| EXERCISE DIRECTIONS |
The answer is a stretch of the material below, returned exactly: the line containing "儿童手握五爪32孔笑脸泡泡棒带灯款吹泡泡户外玩具泡泡棒儿童混发", the line containing "Zestaw cateringowy stół", and all lines between.

| RECORDS FOR THE EXERCISE |
━━━━━━━━━━━━━━━━━━━━━━━━━━━━━━

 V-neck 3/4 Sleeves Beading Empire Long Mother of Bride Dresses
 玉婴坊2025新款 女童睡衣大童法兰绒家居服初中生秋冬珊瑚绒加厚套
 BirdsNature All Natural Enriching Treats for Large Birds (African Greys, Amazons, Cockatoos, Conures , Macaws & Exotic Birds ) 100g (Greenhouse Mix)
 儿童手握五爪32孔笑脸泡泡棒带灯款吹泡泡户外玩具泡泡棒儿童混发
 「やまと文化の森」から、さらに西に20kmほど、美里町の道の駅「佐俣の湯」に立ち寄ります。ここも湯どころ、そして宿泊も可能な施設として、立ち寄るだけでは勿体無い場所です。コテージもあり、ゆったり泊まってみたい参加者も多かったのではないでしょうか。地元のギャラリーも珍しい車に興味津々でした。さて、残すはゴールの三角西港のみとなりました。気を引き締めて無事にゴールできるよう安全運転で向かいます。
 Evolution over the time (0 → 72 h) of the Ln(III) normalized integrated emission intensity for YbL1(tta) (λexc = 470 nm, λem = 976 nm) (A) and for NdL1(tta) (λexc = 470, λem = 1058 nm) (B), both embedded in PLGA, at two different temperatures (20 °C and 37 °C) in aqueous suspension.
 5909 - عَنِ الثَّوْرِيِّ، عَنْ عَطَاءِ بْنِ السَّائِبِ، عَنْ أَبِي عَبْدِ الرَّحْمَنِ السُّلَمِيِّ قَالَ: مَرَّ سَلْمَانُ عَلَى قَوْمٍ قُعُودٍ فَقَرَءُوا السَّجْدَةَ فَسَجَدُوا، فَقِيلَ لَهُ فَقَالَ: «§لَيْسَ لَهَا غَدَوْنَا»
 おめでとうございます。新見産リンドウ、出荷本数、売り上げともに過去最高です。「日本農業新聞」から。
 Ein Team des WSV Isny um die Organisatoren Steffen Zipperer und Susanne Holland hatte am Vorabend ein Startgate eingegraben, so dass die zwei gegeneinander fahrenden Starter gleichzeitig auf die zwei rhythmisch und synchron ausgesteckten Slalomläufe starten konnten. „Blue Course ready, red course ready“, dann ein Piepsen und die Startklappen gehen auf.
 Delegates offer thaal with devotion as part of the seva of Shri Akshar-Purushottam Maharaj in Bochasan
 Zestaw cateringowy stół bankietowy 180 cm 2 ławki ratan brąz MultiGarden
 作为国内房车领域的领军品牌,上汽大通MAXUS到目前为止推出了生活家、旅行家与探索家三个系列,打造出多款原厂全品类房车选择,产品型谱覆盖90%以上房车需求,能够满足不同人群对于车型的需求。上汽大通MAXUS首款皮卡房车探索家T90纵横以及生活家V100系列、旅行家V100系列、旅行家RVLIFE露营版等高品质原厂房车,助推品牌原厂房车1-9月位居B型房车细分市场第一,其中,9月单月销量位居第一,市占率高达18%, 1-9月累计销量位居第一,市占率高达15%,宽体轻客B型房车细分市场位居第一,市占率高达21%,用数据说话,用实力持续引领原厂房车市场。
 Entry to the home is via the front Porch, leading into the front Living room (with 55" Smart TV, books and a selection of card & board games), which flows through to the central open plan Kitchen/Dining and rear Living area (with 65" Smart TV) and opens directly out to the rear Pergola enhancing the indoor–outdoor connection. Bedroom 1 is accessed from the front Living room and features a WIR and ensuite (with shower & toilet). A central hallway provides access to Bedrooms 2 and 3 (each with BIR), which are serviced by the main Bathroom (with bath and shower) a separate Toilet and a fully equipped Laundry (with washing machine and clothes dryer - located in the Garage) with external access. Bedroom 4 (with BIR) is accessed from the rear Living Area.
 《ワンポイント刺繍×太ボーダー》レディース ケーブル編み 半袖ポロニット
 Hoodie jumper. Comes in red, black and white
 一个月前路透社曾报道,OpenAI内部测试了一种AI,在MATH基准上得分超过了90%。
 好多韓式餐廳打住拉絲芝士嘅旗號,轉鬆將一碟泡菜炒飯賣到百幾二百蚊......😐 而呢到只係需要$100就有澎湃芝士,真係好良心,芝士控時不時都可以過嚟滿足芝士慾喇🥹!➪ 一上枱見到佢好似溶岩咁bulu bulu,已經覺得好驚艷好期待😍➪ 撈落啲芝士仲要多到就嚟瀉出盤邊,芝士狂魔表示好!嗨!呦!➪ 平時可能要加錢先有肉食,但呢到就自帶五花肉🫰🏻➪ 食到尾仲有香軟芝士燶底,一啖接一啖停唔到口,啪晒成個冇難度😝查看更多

━━━━━━━━━━━━━━━━━━━━━━━━━━━━━━

| ANSWER TO THE EXERCISE |
 儿童手握五爪32孔笑脸泡泡棒带灯款吹泡泡户外玩具泡泡棒儿童混发
 「やまと文化の森」から、さらに西に20kmほど、美里町の道の駅「佐俣の湯」に立ち寄ります。ここも湯どころ、そして宿泊も可能な施設として、立ち寄るだけでは勿体無い場所です。コテージもあり、ゆったり泊まってみたい参加者も多かったのではないでしょうか。地元のギャラリーも珍しい車に興味津々でした。さて、残すはゴールの三角西港のみとなりました。気を引き締めて無事にゴールできるよう安全運転で向かいます。
 Evolution over the time (0 → 72 h) of the Ln(III) normalized integrated emission intensity for YbL1(tta) (λexc = 470 nm, λem = 976 nm) (A) and for NdL1(tta) (λexc = 470, λem = 1058 nm) (B), both embedded in PLGA, at two different temperatures (20 °C and 37 °C) in aqueous suspension.
 5909 - عَنِ الثَّوْرِيِّ، عَنْ عَطَاءِ بْنِ السَّائِبِ، عَنْ أَبِي عَبْدِ الرَّحْمَنِ السُّلَمِيِّ قَالَ: مَرَّ سَلْمَانُ عَلَى قَوْمٍ قُعُودٍ فَقَرَءُوا السَّجْدَةَ فَسَجَدُوا، فَقِيلَ لَهُ فَقَالَ: «§لَيْسَ لَهَا غَدَوْنَا»
 おめでとうございます。新見産リンドウ、出荷本数、売り上げともに過去最高です。「日本農業新聞」から。
 Ein Team des WSV Isny um die Organisatoren Steffen Zipperer und Susanne Holland hatte am Vorabend ein Startgate eingegraben, so dass die zwei gegeneinander fahrenden Starter gleichzeitig auf die zwei rhythmisch und synchron ausgesteckten Slalomläufe starten konnten. „Blue Course ready, red course ready“, dann ein Piepsen und die Startklappen gehen auf.
 Delegates offer thaal with devotion as part of the seva of Shri Akshar-Purushottam Maharaj in Bochasan
 Zestaw cateringowy stół bankietowy 180 cm 2 ławki ratan brąz MultiGarden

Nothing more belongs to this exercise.